■ Exercise directions
Repeat every line from the line containing "配包装一盒双迪奥新款小腿袜子纯棉面料火爆图案专柜同步中短筒袜" to the end of the data, exactly. Leave the pictures out.

■ Material provided

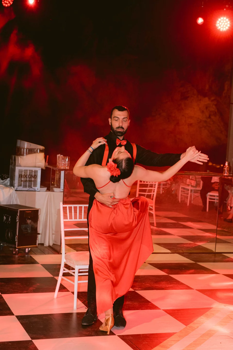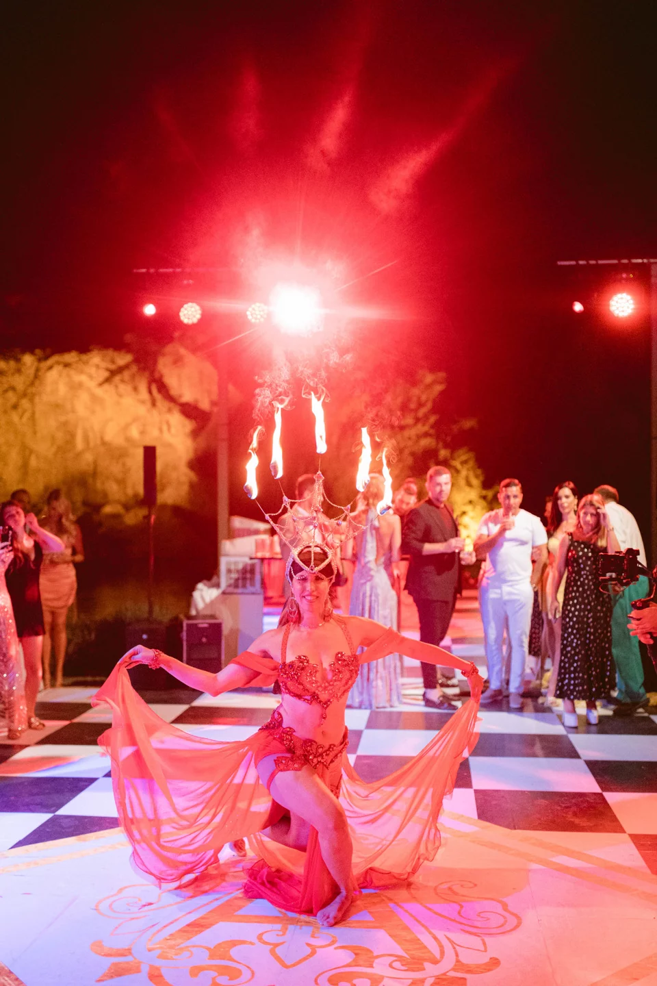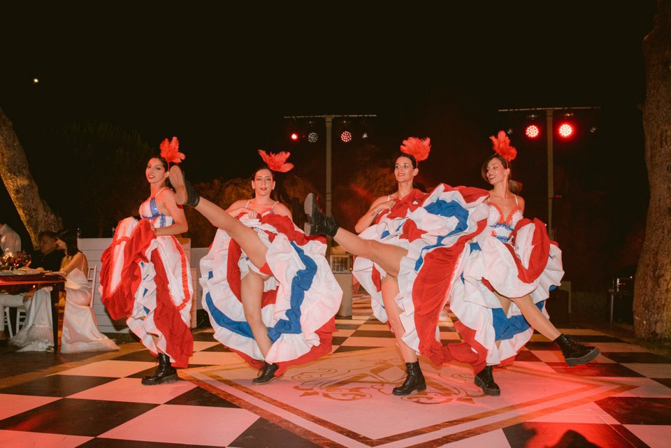 Καλλιτέχνες, φίλοι του ζευγαριού, τραγούδησαν στα γαλλικά και ξεσήκωσαν τους καλεσμένους ενώ κατά τη διάρκεια του δείπνου, χορεύτριες ντυμένες με ρούχα εποχής εμφανίστηκαν στο χώρο της δεξίωσης και παρουσίασαν ένα μοναδικό show.
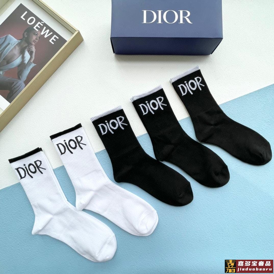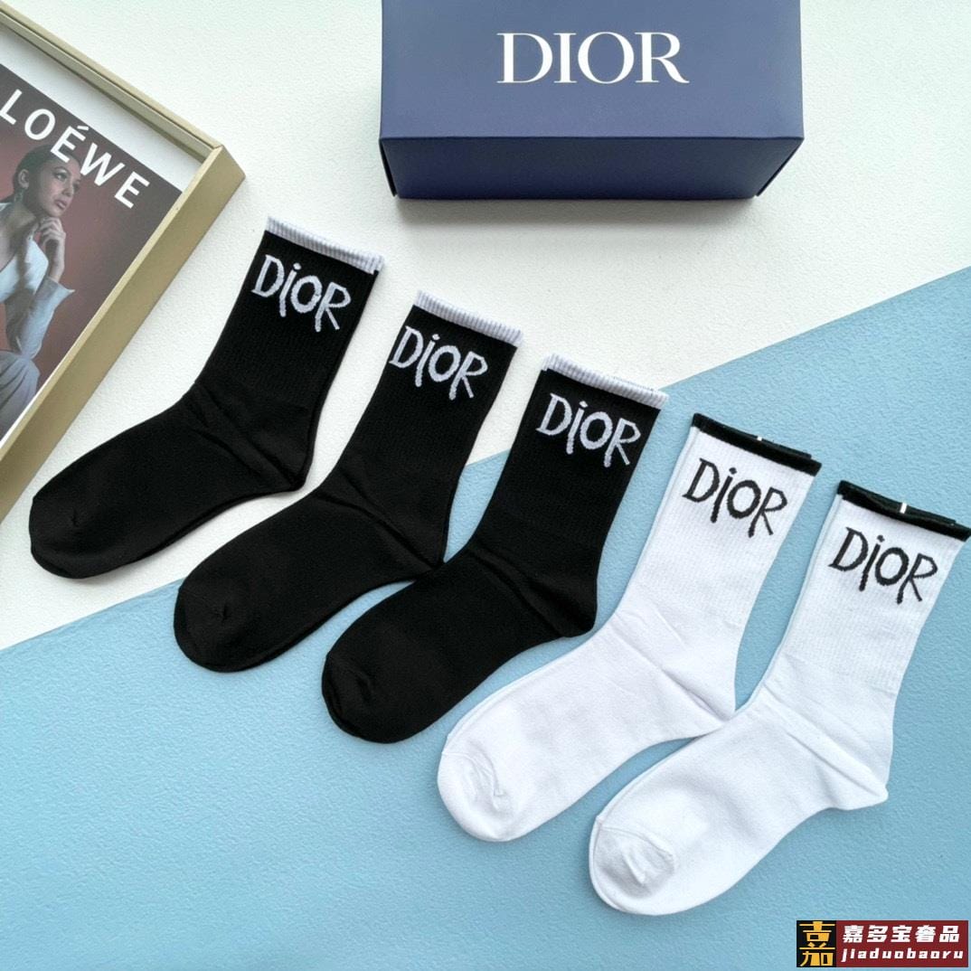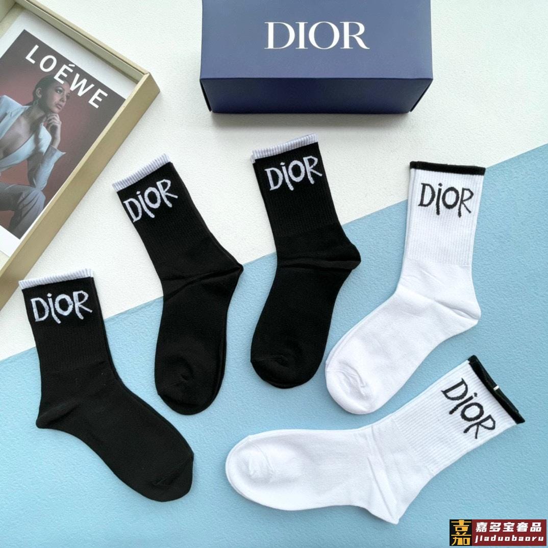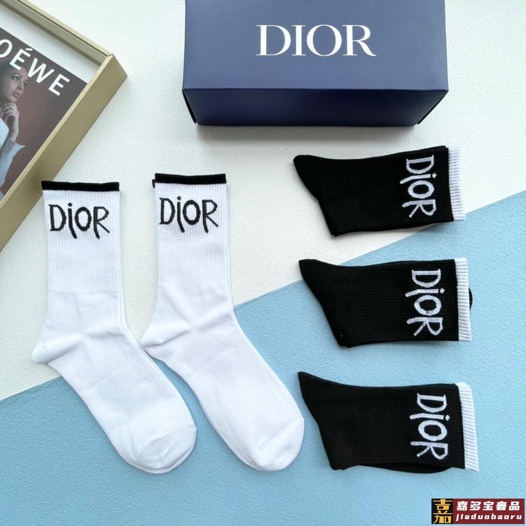 配包装一盒双迪奥新款小腿袜子纯棉面料火爆图案专柜同步中短筒袜
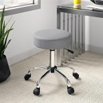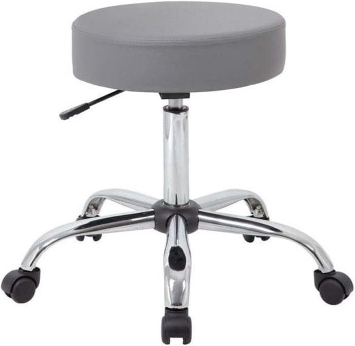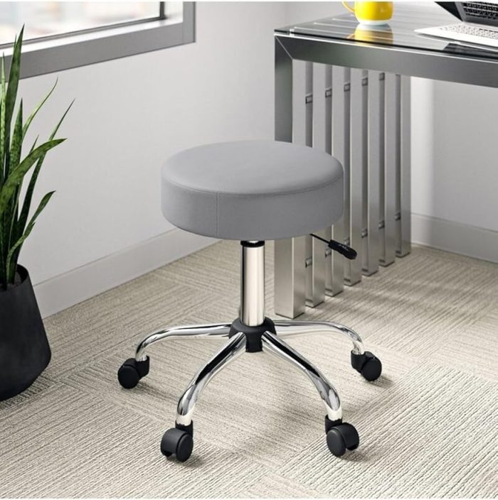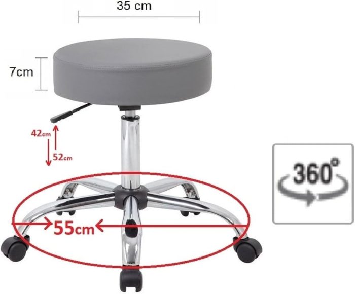 Ofis Kasiyer Taburesi 360 Derece Döner Deri Döşeme Oturak Eczane Laboratuvar Için Metal Ayaklı Gri

■ Answer to this task
 配包装一盒双迪奥新款小腿袜子纯棉面料火爆图案专柜同步中短筒袜
 Ofis Kasiyer Taburesi 360 Derece Döner Deri Döşeme Oturak Eczane Laboratuvar Için Metal Ayaklı Gri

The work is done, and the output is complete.